The first thing that came to mind when I read your response is: You have to think like a crook to beat the crook. LOL
Doing something like that would never have crossed my mind. I guess I need to hang out with you more my sullied friend. hahaha

Hi @merej99 - missed you too! Thanks for sharing your thoughts :) I'll be addressing a lot of these points in my witness post today.

@timcliff u do the witnesses update. Can you do an informal poll to see whom is going to go HF17?

I will be doing my witness report on Sunday. It is actually hard to get a response from a lot of the witnesses though. Some probably haven't made up their minds yet either. It will be up to each witness to communicate their position on the HF with the community.

I can't say I am in favor of most of these... I feel like if we fix the voting power issues it may solve some of the other problems with the site... That and we haven't really had a large enough user base to really find out if the system works as is or not.

Isn't the problem currently that steemit is losing members with same speed that it is gaining them? Most of these new account are probably bots, just to keep numbers pretty and the members leaving actual people with bad taste in their mouth. Steemit had its moment in the spotlight and back then you had tons of posts with this message "Steemit is not pyramid scheme" but if it looks like a duck and sounds like a duck, it probably is a duck. So not changing things probably isn't an option if Dan Larimer ever wants his name to be associated with something else than failure, though if just getting money was his goal he did succeed. So he probably doesn't care. Good for him.

This is a view widely shared in cryptospace and when steem price reaches that of bitshares I guess we can all start looking forward for his next project. Can't wait to see that.

Just joking Dan ;)

A lot of these are probably beneficial.

However, I still believe that the most needed updates are ones for the UI. I can't tell you how annoying it is that our posts cannot use CSS. Let us not forget that Steemit is not only a cryptocurrency platform, it is also a blogging platform, and is competing with all other blogging platforms out there (Wordpress, Blogger, etc.). Comparatively, we're still in the stone age. And if we want the same level of adoption as these other blogging platforms, then we need to catch up.

From a development perspective, it makes sense to build the "engine" first and then worry about the UI parts later. If there are plans to continue tweaking the engine, and each time a tweak is made they have to update the UI - it is a lot of double work.

And if Steemit were a car, I would agree with you completely.

But Steemit is actually a piece of software. Now, many software developers deceive themselves into believing that what customers really want is a fine-tuned engine under the hood. It is one of their most common misconceptions. If this were true, we would all still be using Word Perfect as our word processor.

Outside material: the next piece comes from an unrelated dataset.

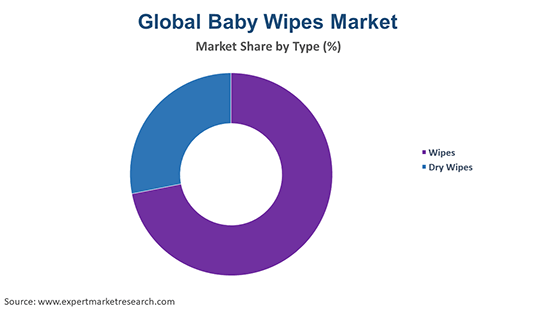 As per the baby wipes market analysis, dry wipes are highly versatile, making them suitable for cleaning hands, faces, and surfaces. Their lack of moisture gives them a longer shelf life and reduces the risk of bacterial growth. Manufacturers can customise them with various solutions, and their lightweight design enhances portability. Many options are eco-friendly, appealing to environmentally conscious consumers. In September 2024, GreenBaby launched a new line of hypoallergenic dry wipes, specially formulated for sensitive skin. Made from natural fibres, these wipes provide gentle cleaning and are free from harsh chemicals, ensuring safety for babies.

History has proven, again and again, that the only thing users care about is the interface, because it is the only part that the users actually interact with. And Steemit's #1 problem, lightyears ahead of all other problems at this moment, is that it is having problems attracting users.

By insisting that the underlying engine is a more pressing concern, you have fallen into the same trap that so many engineers have succumbed to over the years. Your concern is no doubt well intentioned, but it is divorced from reality.

If we were getting ready to officially launch tomorrow, I would completely agree with you. The site that we have today is not even close to something that is ready for mainstream. We need a "sexy UI" upgrade, with a lot more bells and whistles and improvements on the user experience.

The order that things are done is important though. The dev team has indicated that they have a lot of things that they plan to implement at the blockchain level, and it sounds like many of them are going to have dramatic changes to the user experience (like communities).

I am not arguing in favor of keeping the crappy UI. I am just saying that as a community of "beta testers" (which is what we all are) - that we should accept a limited UI for some time while they work on more of the important back-end features.